Bancomat/PagoBancomat
- Operating area: Italy
- Members: 561
- ATMs: 53,000
- Founded: 1983
- Owner: Bancomat S.p.A.
- Website: bancomat.it

= Bancomat (interbank network) =

Italian interbank network and debit card

Bancomat is an Italian interbank network for cash withdrawals widely used in Italy. It was first introduced in 1983 for use with automated teller machines.

The network is owned by the Rome-based Bancomat, S.p.A. and its cards are issued by Italian banks. The service is only used in Italy and the word “bancomat” is used in Italy as a synonym for automated teller machine.

In 1986, an associated debit card network called PagoBancomat was introduced, which is based on the Bancomat service and is intended for PIN-based POS transactions.

Since the Bancomat network is not used outside Italy, almost every Bancomat/PagoBancomat debit card is co-branded with a multinational service, such as Mastercard, Maestro, Visa, Visa Electron or V Pay, for use abroad.

Old Bancomat logo

A new service called Bancomat Pay was introduced in January 2019. It is intended for electronic payment for online transactions.

In December 2023, Bancomat signed a letter of intent with Spanish mobile payment firm Bizum and Portuguese firm SIBS (which operates the mobile payment service MB Way) to create a partnership in order to develop a unified European payment solution and facilitate the interoperability of their respective mobile payment solutions as a first step.
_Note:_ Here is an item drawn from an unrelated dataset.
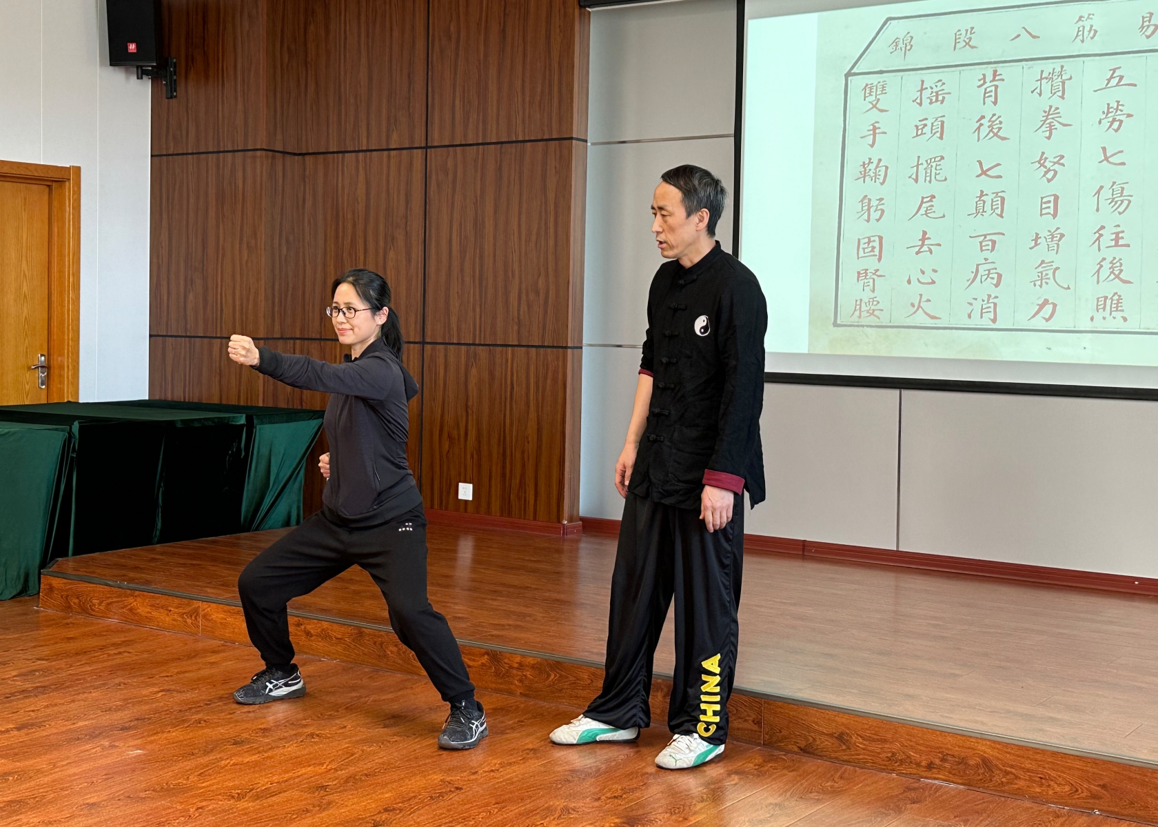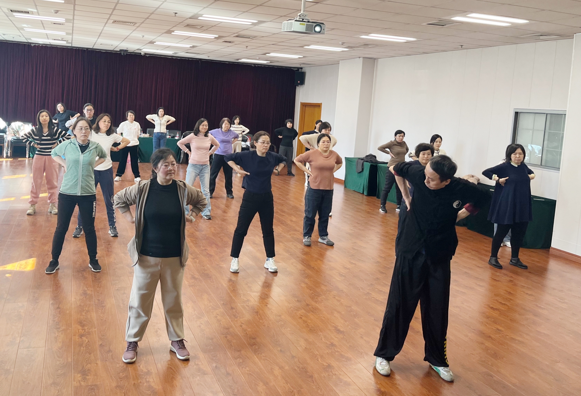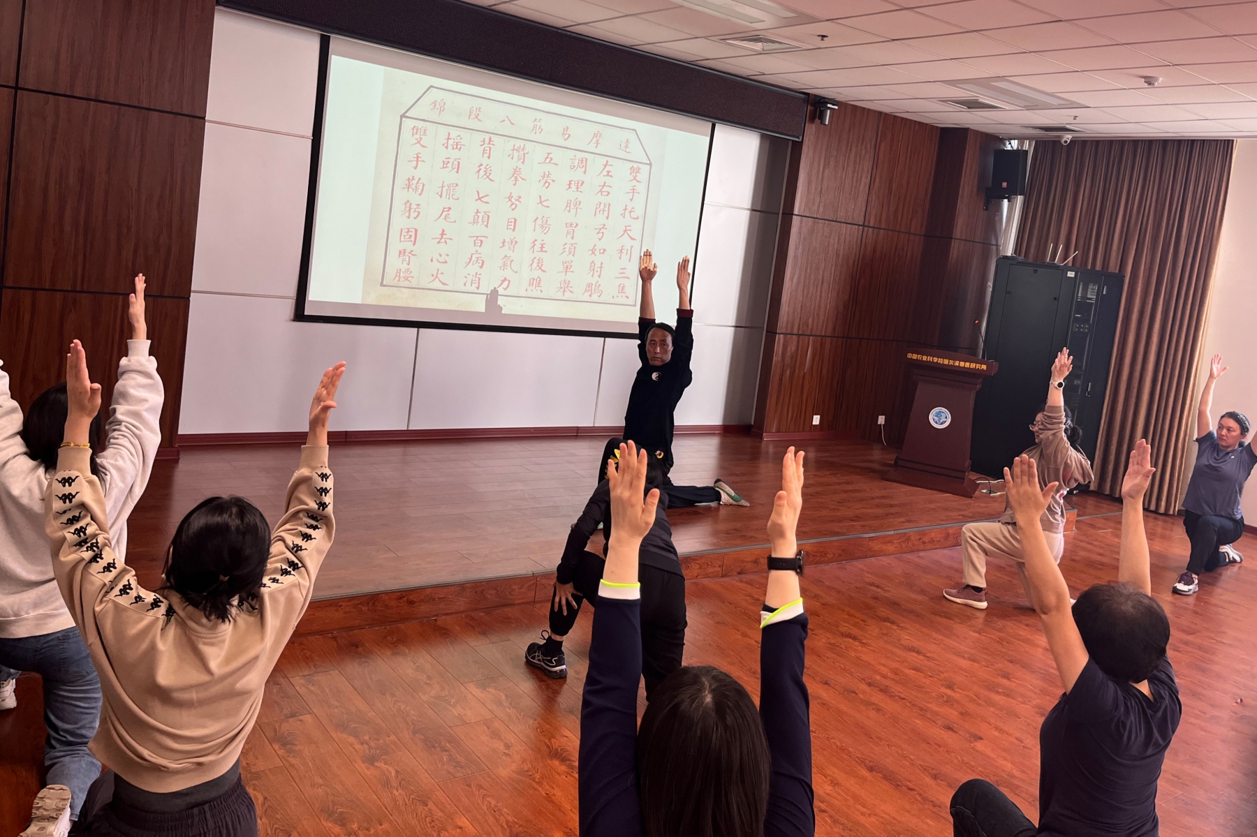 在近3個小時的教學中,李老師將看似簡單的《八段錦》拆解開來,用通俗易懂的語言講解了八段錦的全套動作和口訣。從一招一式到呼吸吐納,從臺上到臺下,把這一段12分鐘的基礎氣功系統(tǒng)植入到每個在場學員的腦海中。通過“動作分解+練習”,女職工們放松心情,全身心的投入到學習中。課程最后,李老師還介紹了一些養(yǎng)生鍛煉的小竅門,并與在健身中有困惑的同事們交流了心得,一節(jié)課下來大家受益匪淺。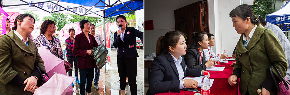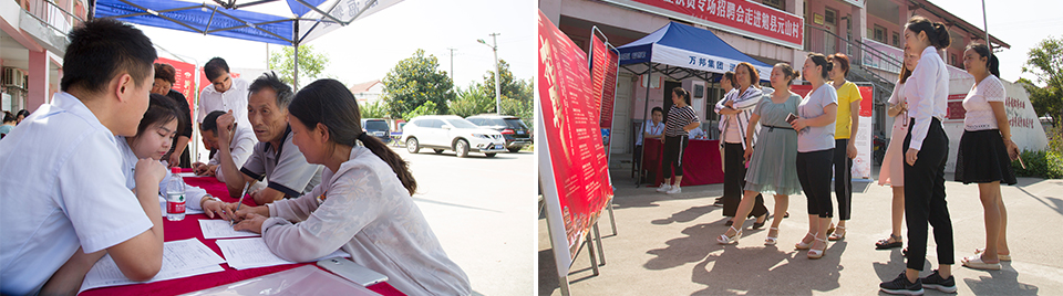 在村委會門前,漢文投集團招聘工作人員精心布置好招聘展臺,醒目的招聘橫幅懸掛在樓檐之下,招聘企業(yè)簡介及招聘崗位表醒目地列于招聘展臺兩側(cè)。在縣、鎮(zhèn)及村委會干部的積極配合下,即使面對在北梁村的下雨天氣、元山村的高溫酷暑,都絲毫沒有影響到眾多村民期望通過自身勞動而改變貧困現(xiàn)狀的滿腔熱情。他們早早趕到村委會招聘會現(xiàn)場,在工作人員的親切引導下,了解企業(yè)崗位需求,并按照招聘流程,一步步達到雙方滿意的初步應(yīng)聘結(jié)果。

In November 2024, Bancomat, Bizum and SIBS launched the European Payments Alliance (EuroPA), a service allowing users to make instant payments using their mobile phones across the three countries (Italy, Spain and Portugal), and the three firms announced that they are in talks to add more firms to their partnership in order to expand their service in Europe. On 31 March 2025, Bancomat, Bizum and MB Way launched the first instant cross-border transactions.

In February 2026, Bancomat, Bizum, SIBS and Vipps signed a memorandum of understanding with the European Payments Initiative (EPI) with the goal to create an interoperable payment ecosystem. At launch, the payment network will be available in 13 European countries.